EXERCISE: What's needed is a word-for-word retyping of the entries below, pictures omitted.
(DATA EXCERPTS Opens)
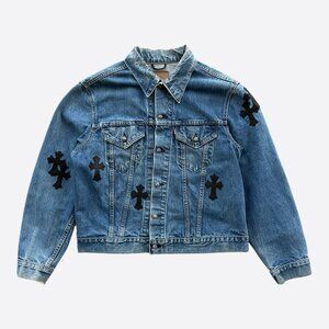 Size: Medium Condition: Pre-Owned. Great Condition. Details: Vintage Levi's Denim Jacket Black Chrome Hearts leather cross patches throughout Chrome Hearts silver hardware throughout Two front pockets True to size fit Composition: 100% Cotton
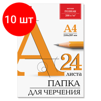 Купить Комплект 10 шт, Папка для черчения А4, 210х297 мм, 24 л, 200 г/м2, без рамки, ватман гознак КБФ, BRAUBERG, 129255 с доставкой по всей России.
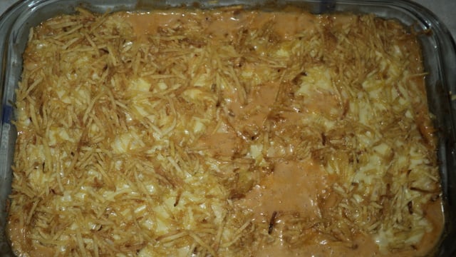 Despeje tudo em um refratário e cubra com o queijo, leve ao forno até derreter por igual o queijo.
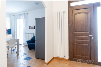 Propongo appartamento con ingresso autonomo, 2 stanze, cucina soggiorno, bagno e lavanderia, circa 80 mq. , dotato di riscaldamento e tutti gli elettrodomestici; frigo, microonde, forno, lavastoviglie, lavatrice e ferro da stiro.
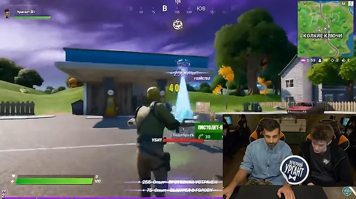 Ургант проверил свой скилл в «королевской битве» – основном режиме игры, где 100 персонажей десантируются на остров, а побеждает последний выживший. Ведущего учил игрок Virtus.pro Джамал «Jamside» Сайдаев, выигравший 100 тысяч долларов в парном турнире на чемпионате мира по Fortnite.
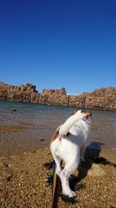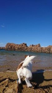 ビスコを連れて北九州市若松区の脇田(わいた)海水浴場へ行ってきました。
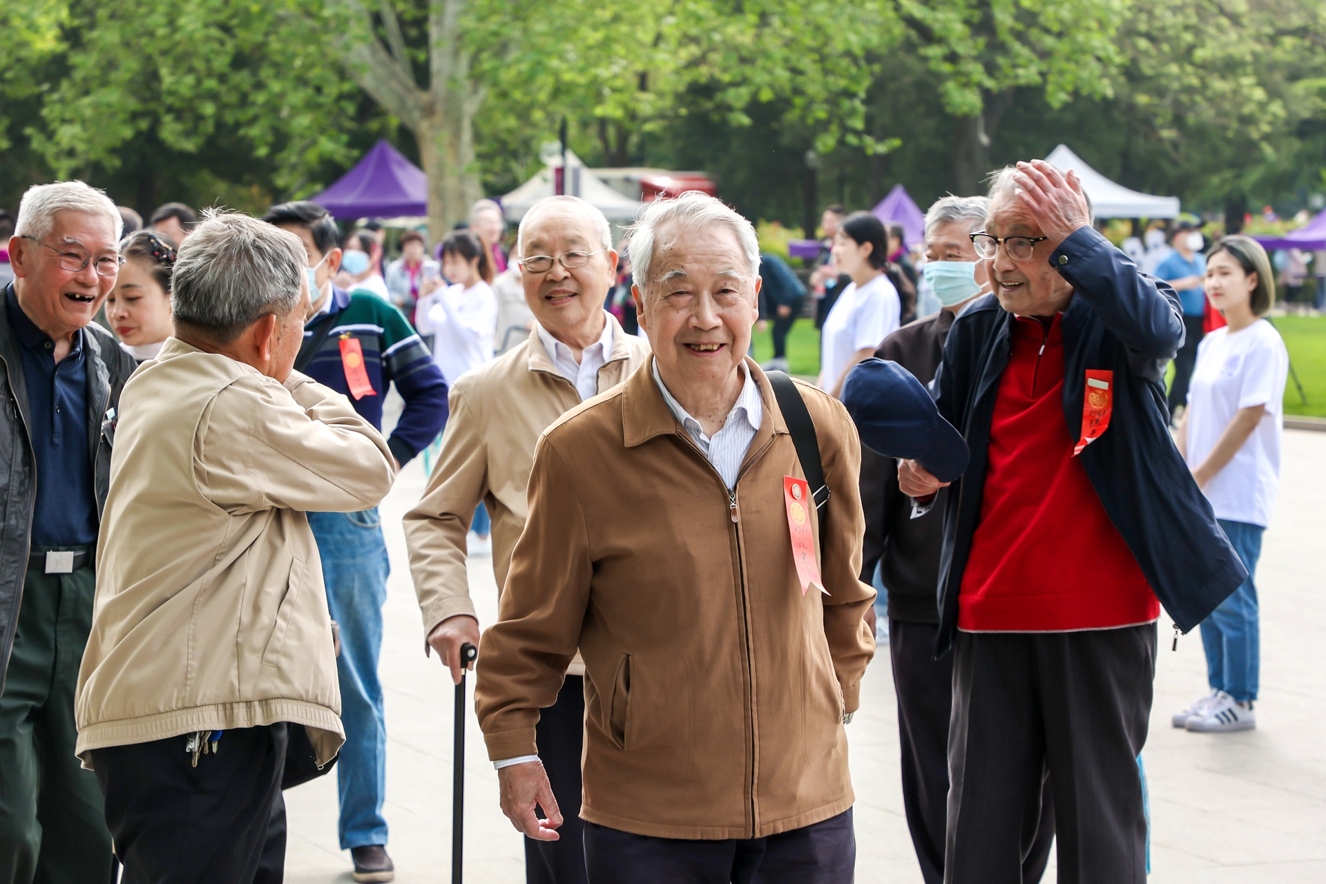 水木清华,春意融融。鲜艳的红胸签随风飘扬,熟悉的笑容恣意绽放。4月24日,在清华大学迎来110周岁生日之际,部分毕业秩年的校友欢聚清华园,忆青春岁月,为母校庆生。
(DATA EXCERPTS Closes)
RESPONSE AREA:
 Size: Medium Condition: Pre-Owned. Great Condition. Details: Vintage Levi's Denim Jacket Black Chrome Hearts leather cross patches throughout Chrome Hearts silver hardware throughout Two front pockets True to size fit Composition: 100% Cotton
 Купить Комплект 10 шт, Папка для черчения А4, 210х297 мм, 24 л, 200 г/м2, без рамки, ватман гознак КБФ, BRAUBERG, 129255 с доставкой по всей России.
 Despeje tudo em um refratário e cubra com o queijo, leve ao forno até derreter por igual o queijo.
 Propongo appartamento con ingresso autonomo, 2 stanze, cucina soggiorno, bagno e lavanderia, circa 80 mq. , dotato di riscaldamento e tutti gli elettrodomestici; frigo, microonde, forno, lavastoviglie, lavatrice e ferro da stiro.
 Ургант проверил свой скилл в «королевской битве» – основном режиме игры, где 100 персонажей десантируются на остров, а побеждает последний выживший. Ведущего учил игрок Virtus.pro Джамал «Jamside» Сайдаев, выигравший 100 тысяч долларов в парном турнире на чемпионате мира по Fortnite.
 ビスコを連れて北九州市若松区の脇田(わいた)海水浴場へ行ってきました。
 水木清华,春意融融。鲜艳的红胸签随风飘扬,熟悉的笑容恣意绽放。4月24日,在清华大学迎来110周岁生日之际,部分毕业秩年的校友欢聚清华园,忆青春岁月,为母校庆生。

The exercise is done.